TASK STATEMENT >> Could you restate every entry word for word, minus the pictures?

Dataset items

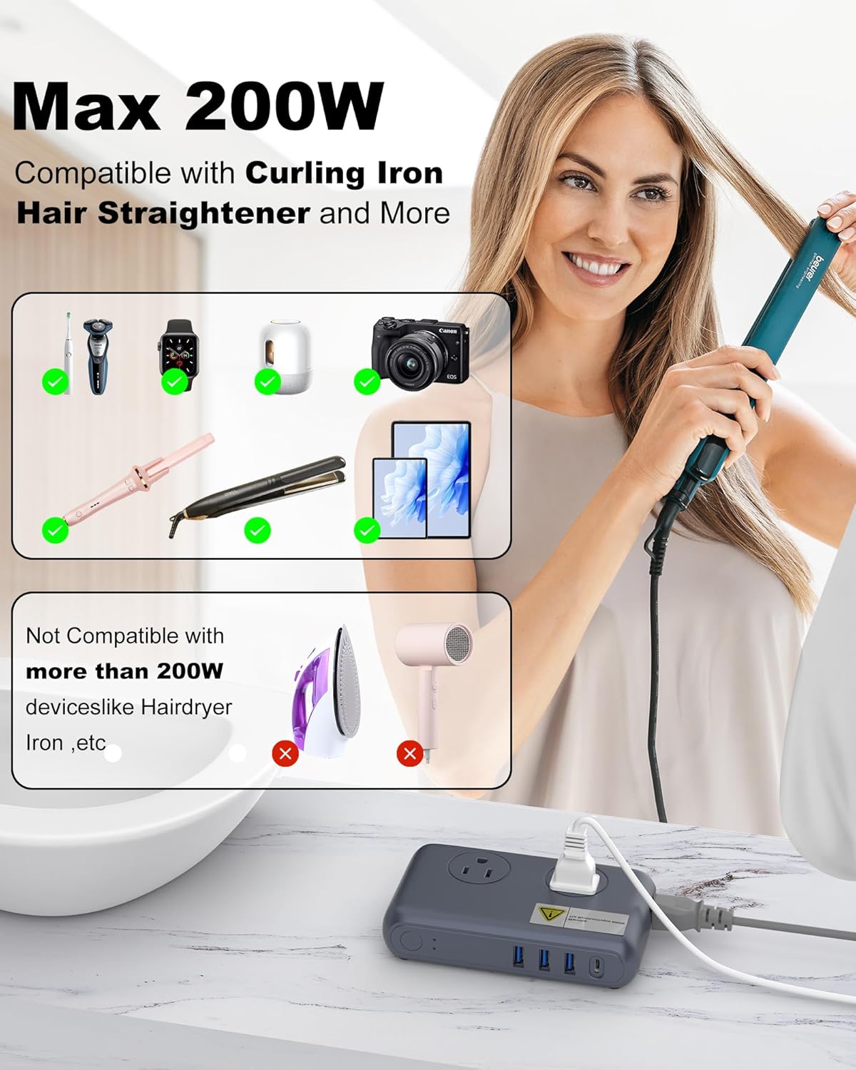 220V to 110V Journey Voltage Converter: Converter for 110V Gadgets converts 220V voltage to 110V voltage with as much as 95% conversion effectivity, for worldwide journey work with home equipment underneath 200 Watt, corresponding to hair straightener, curling iron, electrical shaver, electrical toothbrush, smartphone, laptop computer, Bluetooth speaker and extra.
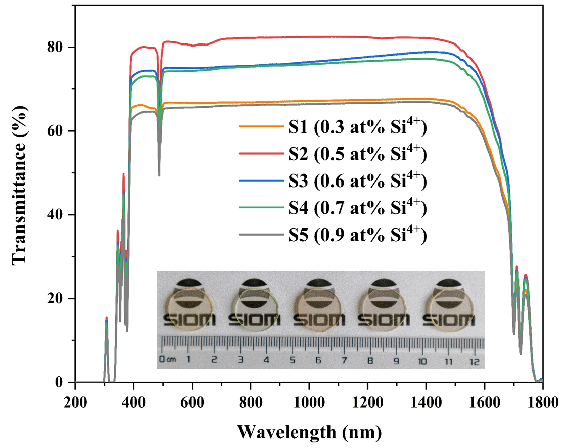 研究团队开发了一种镁硅共掺杂铽铝石榴石磁光陶瓷制备方法,该陶瓷获得了目前采用一步真空固相反应烧结方法制备TAG陶瓷的最高透过率和最低光学损耗。研究参考过去按照MgO+TEOS重量比添加的TAG陶瓷样品的最佳组成比,并将其设计到晶格中,以探索制备具有较低残留散射的TAG陶瓷。使用Mg2+和Si4+离子作为TAG晶格的组分,用于非化学计量比共掺杂,在不降低MgO和TEOS的绝对量的情况下,陶瓷在1064 nm处的透过率为82.48 %,光学损耗为0.048 cm-1,并系统地分析了硅掺杂量对TAG陶瓷微观结构和光学性能的影响。非化学计量的晶格掺杂代替传统的烧结助剂重量比添加,为制备高功率激光系统中其他受残留烧结添加剂影响的高质量陶瓷提供了有效的解决思路。
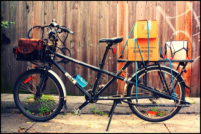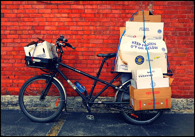 On the bike…approximately 150 hard-cover books in seven cardboard boxes on their way to my favorite local used book shop.
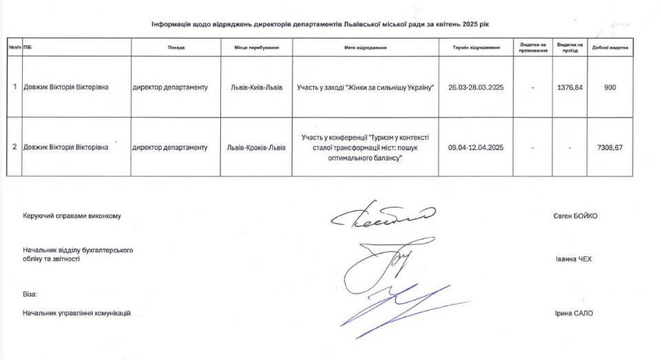 У березні-квітні цього року у двох службових відрядженнях побувала директорка департаменту фінансової політики Львівської міськради Вікторія Довжик, видатки на які склали 9 585,51 грн.
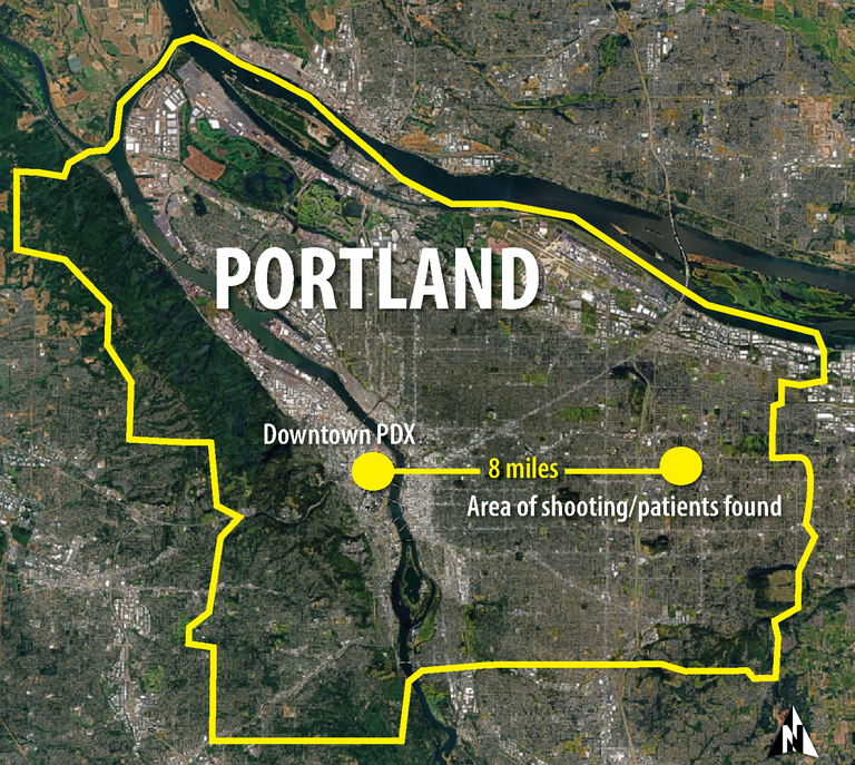 嫌疑车辆随即逃离,载着两名中弹者一路狂奔约2.5英里,直到 NE 146th Ave 与 East Burnside 附近停下,警方在现场发现一名男子与一名女子,均为枪伤,随后被送医。
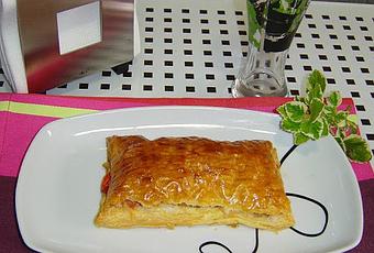 Los hojaldres se parten por la mitad, se les hecha la escalibada, un trozo (o varios según tamaño) de queso y se tapa con el otro hojaldre y al horno 10 minutos más.

EXERCISE ANSWER >>
 220V to 110V Journey Voltage Converter: Converter for 110V Gadgets converts 220V voltage to 110V voltage with as much as 95% conversion effectivity, for worldwide journey work with home equipment underneath 200 Watt, corresponding to hair straightener, curling iron, electrical shaver, electrical toothbrush, smartphone, laptop computer, Bluetooth speaker and extra.
 研究团队开发了一种镁硅共掺杂铽铝石榴石磁光陶瓷制备方法,该陶瓷获得了目前采用一步真空固相反应烧结方法制备TAG陶瓷的最高透过率和最低光学损耗。研究参考过去按照MgO+TEOS重量比添加的TAG陶瓷样品的最佳组成比,并将其设计到晶格中,以探索制备具有较低残留散射的TAG陶瓷。使用Mg2+和Si4+离子作为TAG晶格的组分,用于非化学计量比共掺杂,在不降低MgO和TEOS的绝对量的情况下,陶瓷在1064 nm处的透过率为82.48 %,光学损耗为0.048 cm-1,并系统地分析了硅掺杂量对TAG陶瓷微观结构和光学性能的影响。非化学计量的晶格掺杂代替传统的烧结助剂重量比添加,为制备高功率激光系统中其他受残留烧结添加剂影响的高质量陶瓷提供了有效的解决思路。
 On the bike…approximately 150 hard-cover books in seven cardboard boxes on their way to my favorite local used book shop.
 У березні-квітні цього року у двох службових відрядженнях побувала директорка департаменту фінансової політики Львівської міськради Вікторія Довжик, видатки на які склали 9 585,51 грн.
 嫌疑车辆随即逃离,载着两名中弹者一路狂奔约2.5英里,直到 NE 146th Ave 与 East Burnside 附近停下,警方在现场发现一名男子与一名女子,均为枪伤,随后被送医。
 Los hojaldres se parten por la mitad, se les hecha la escalibada, un trozo (o varios según tamaño) de queso y se tapa con el otro hojaldre y al horno 10 minutos más.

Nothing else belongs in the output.